Wrestling Outside the E

In the past couple of years, we’ve seen a trend from the WWE that we had never seen in years past.  That trend being superstars still under a WWE contract, getting to perform in other companies.  When I started watching wrestling in the early 90’s, the thought of wrestlers going outside of their promotion was unheard of.  After all, look at the storm that followed Madusa when she appeared on Nitro, dumping the WWF Women’s title in a garbage can.

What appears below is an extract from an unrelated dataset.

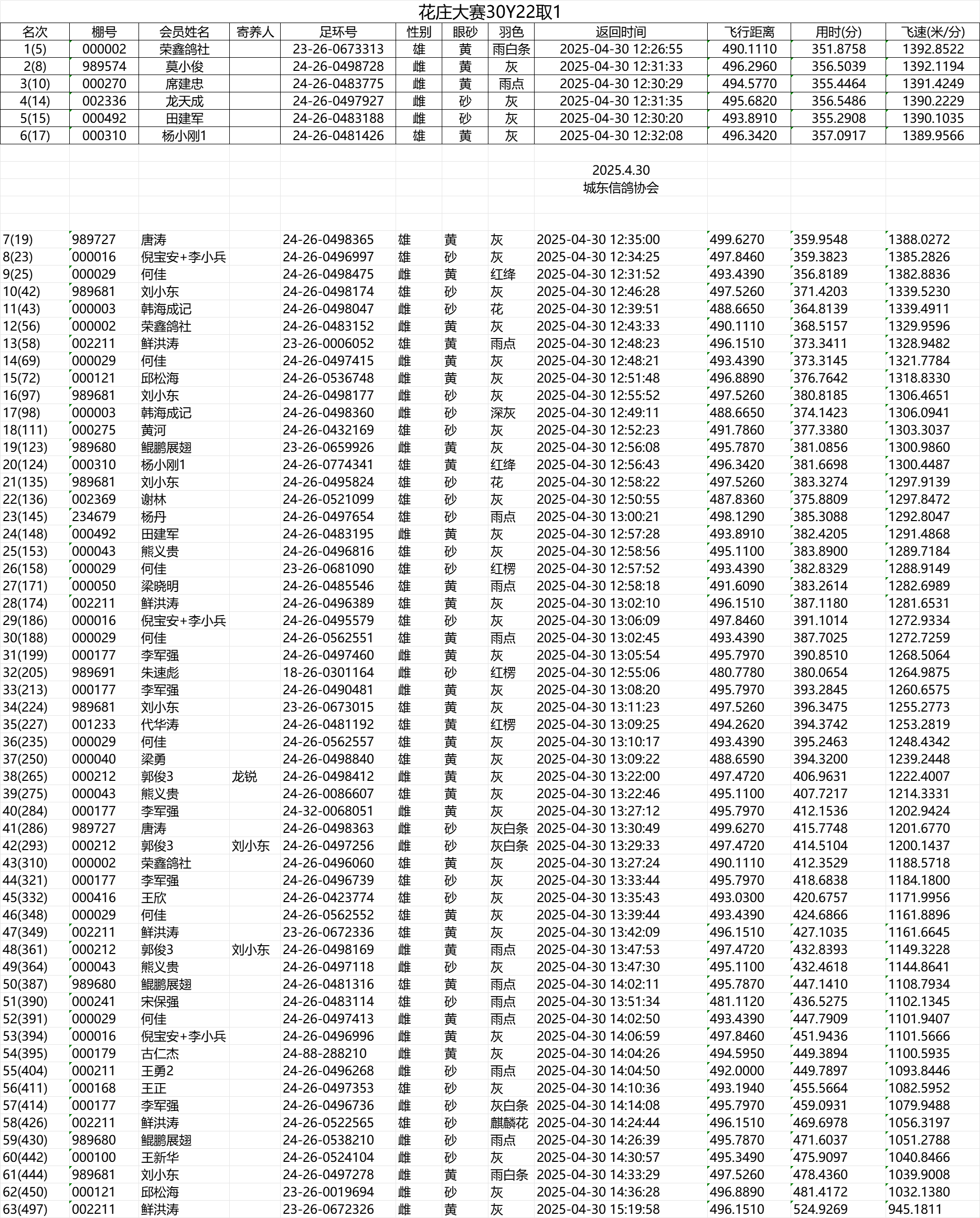 城东信鸽协会400KM临洮大赛30Y22取1

This all started slowly, with some lower superstars partnering with EVOLVE, which had become almost a WWE feeder system.  It was a cool sight to see, but never really something that seemed like it would take off.  It really started to pick up when the WWE started it’s United Kingdom division, with standout stars Pete Dunne and Tyler Bate continuing to perform for companies like Progress, and Rev Pro.  Then we saw Apollo Crewes, formerly known as Uhaa Nation, show up at ICW, and even Finn Balor returned to his old stomping grounds of Progress to face off in a rousing game of musical chairs.

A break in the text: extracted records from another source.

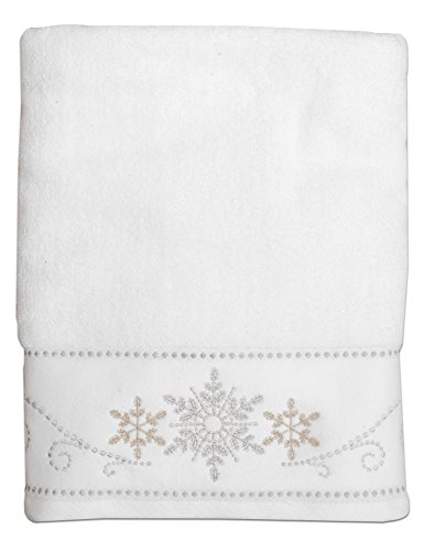 Product Description Add a festive contemporary holiday tree to your bath with thiis holiday bath collection features an embroidered border of gold and silver stylized snowflakes. 0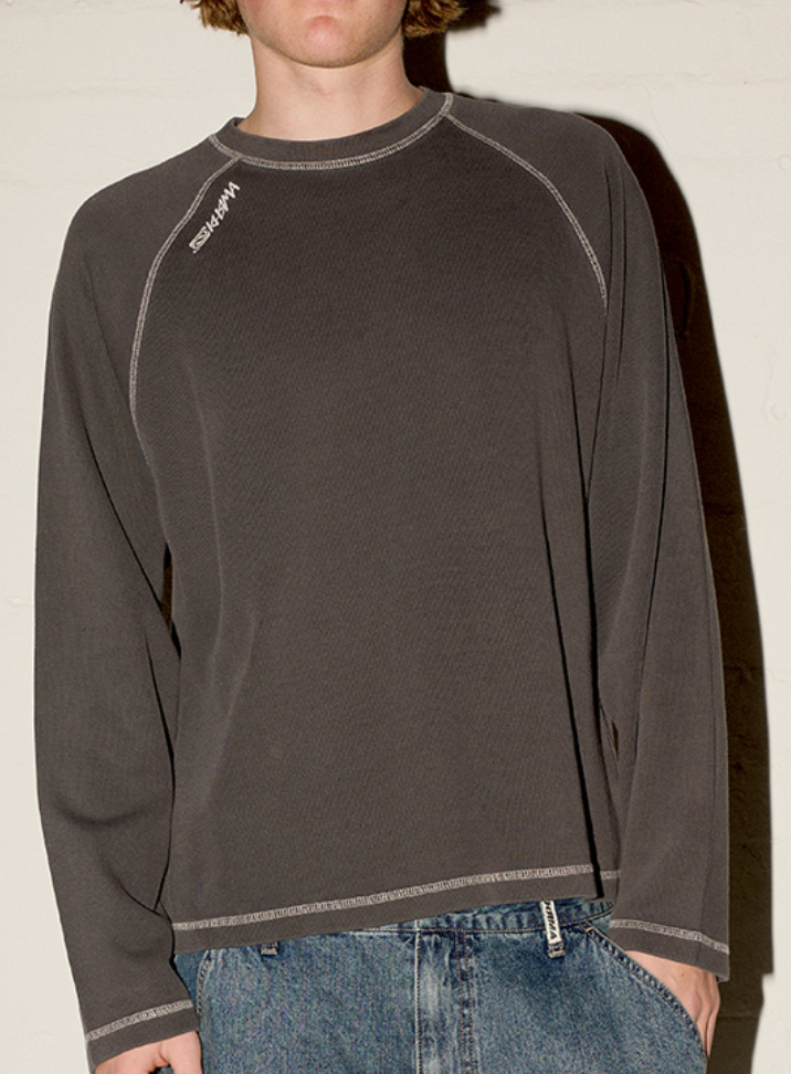 The Contrast Raglan LS Tee in Washed Black features a bold waffle texture and a relaxed fit that effortlessly combines comfort with standout style. Its unique fabric adds depth, while the raglan sleeves create a dynamic silhouette perfect for those who dare to be different. Elevate your casual wardrobe with this edgy yet laid back essential.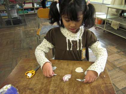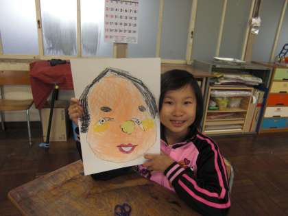 目隠しをしながら、目、鼻、口、まゆの部品を貼りつけて、ふくわらいを楽しむことができました。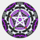 Quinze corvos em torno de um pentáculo pagão branco num campo de roxo com joia roxa central. As joias que representam os elementos com o cabo elético triquetra prateado.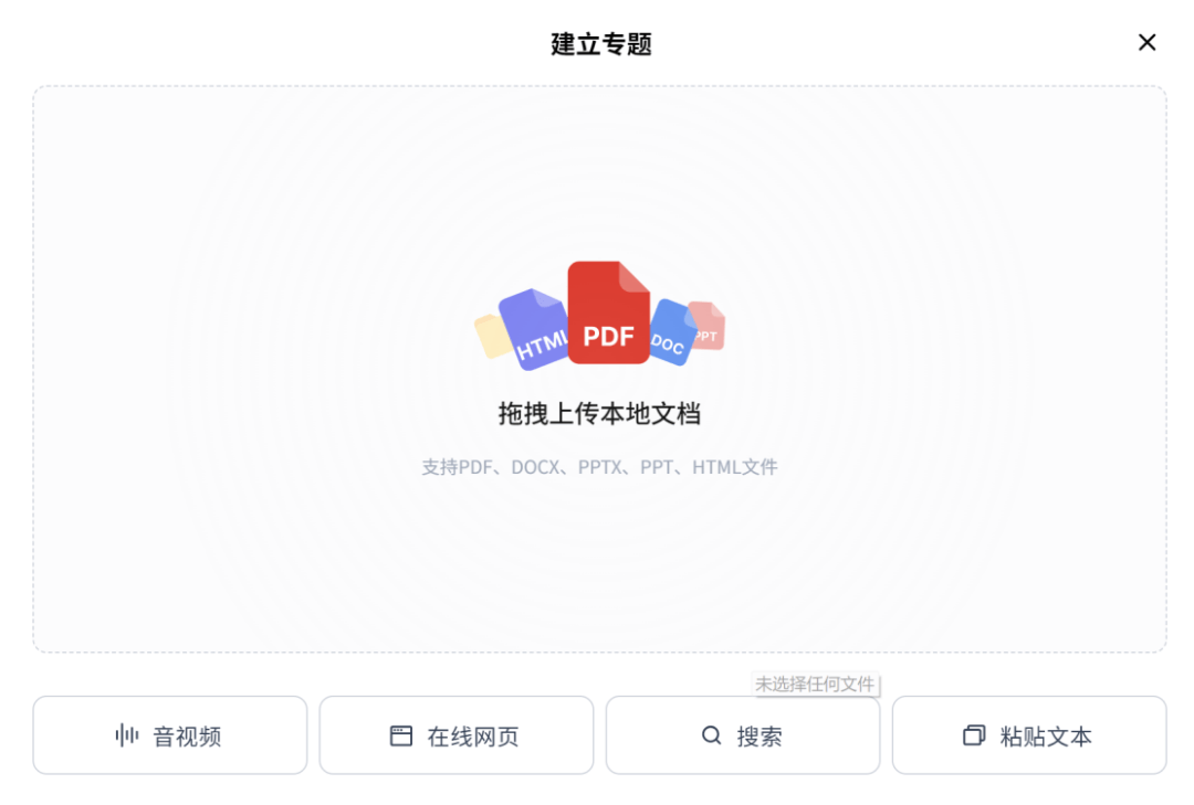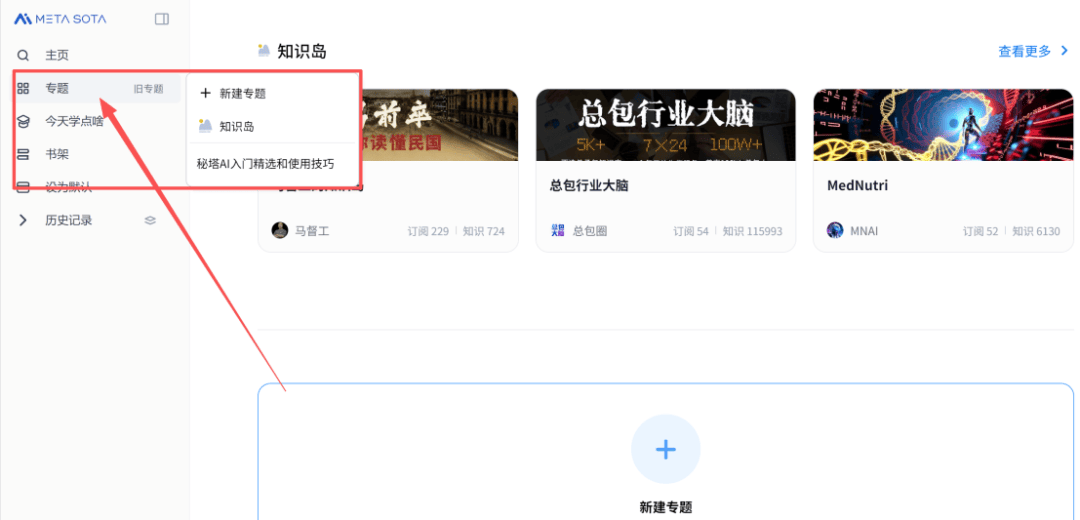 另外,用户点击侧边栏的“专题”,可以新建专题,构建个人专属知识库,实现定制化功能。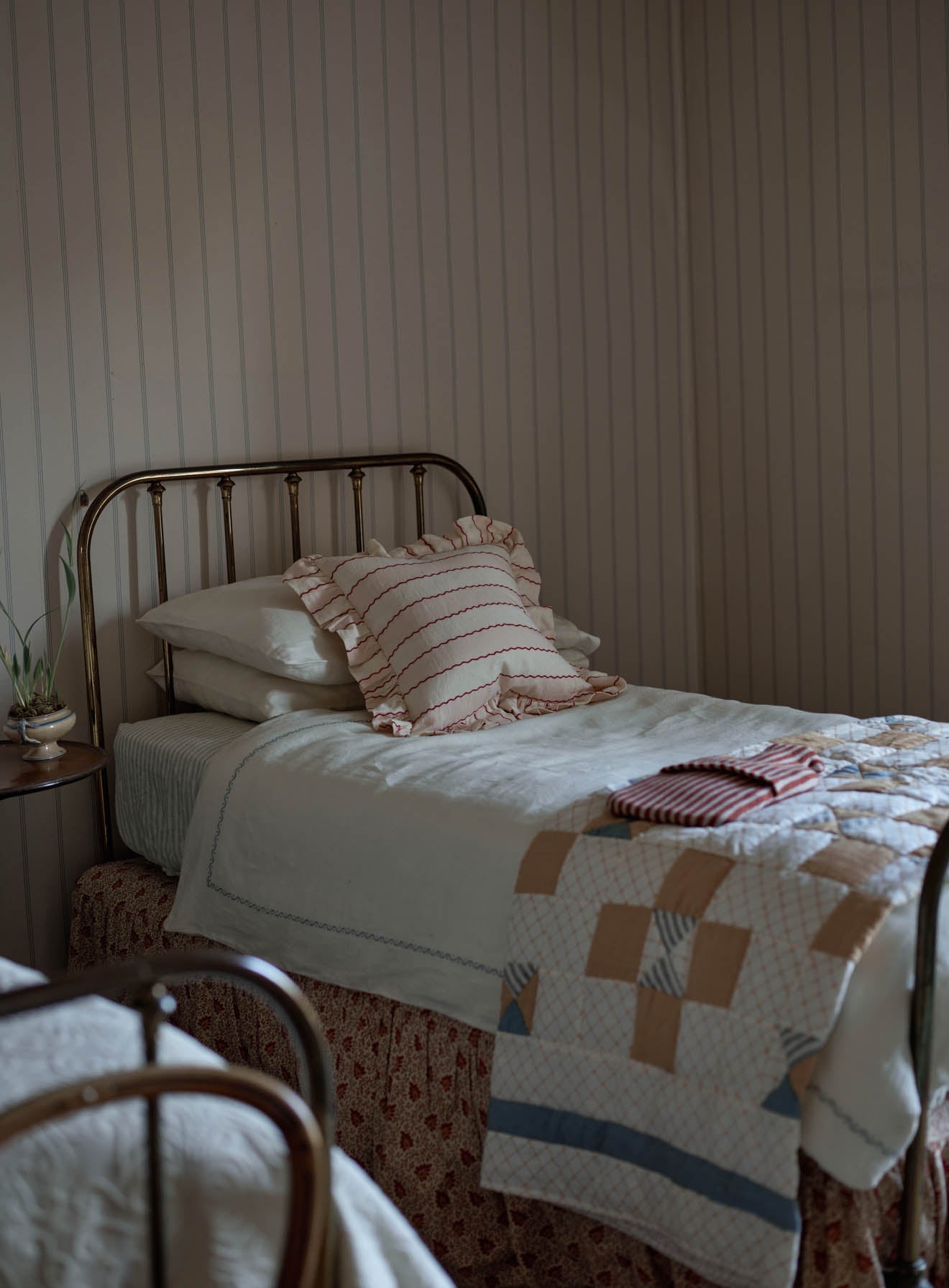 - A beautifully soft hot water bottle cover in warm red and ecru stripes

Two notable additions to this list have to be Chris Jericho, and Kassius Ohno.  While many of the other appearances have been smaller, ala Balor, both Ohno and Jericho have had much larger features.  Ohno was part of the Super Strong Style 16 tournament in Progress, where he made it all the way to the finals of the three-day extravaganza.  Most people thought it would be a one and done kind of show, but we were all gladly mistaken.  He put on a great match with Chris Brookes, and lost a classic with Tyler Bate, before replacing Bate who had to pull out due to injury.

Jericho, as most fans know, has made his presence felt in the world of New Japan which is as close to a modern-day Monday Night War as anything.  A lot of people weren’t sure we would see him after his match with Kenny Omega, but he proved the doubters wrong by attacking Naito and starting what has the potential to be a rivalry for the ages.  It just goes to show that the WWE has changed the way they view other companies, even rival ones.

Where does it go from here though?  Hopefully, the WWE continues to use these opportunities as much as they can.  After all, not only do they increase their own exposure, but what better way to scout the future of the company?  It gives them the chance to get first-hand accounts of some of the best talents in the world, as us as the fans to get see matchups we used to only be able to dream about.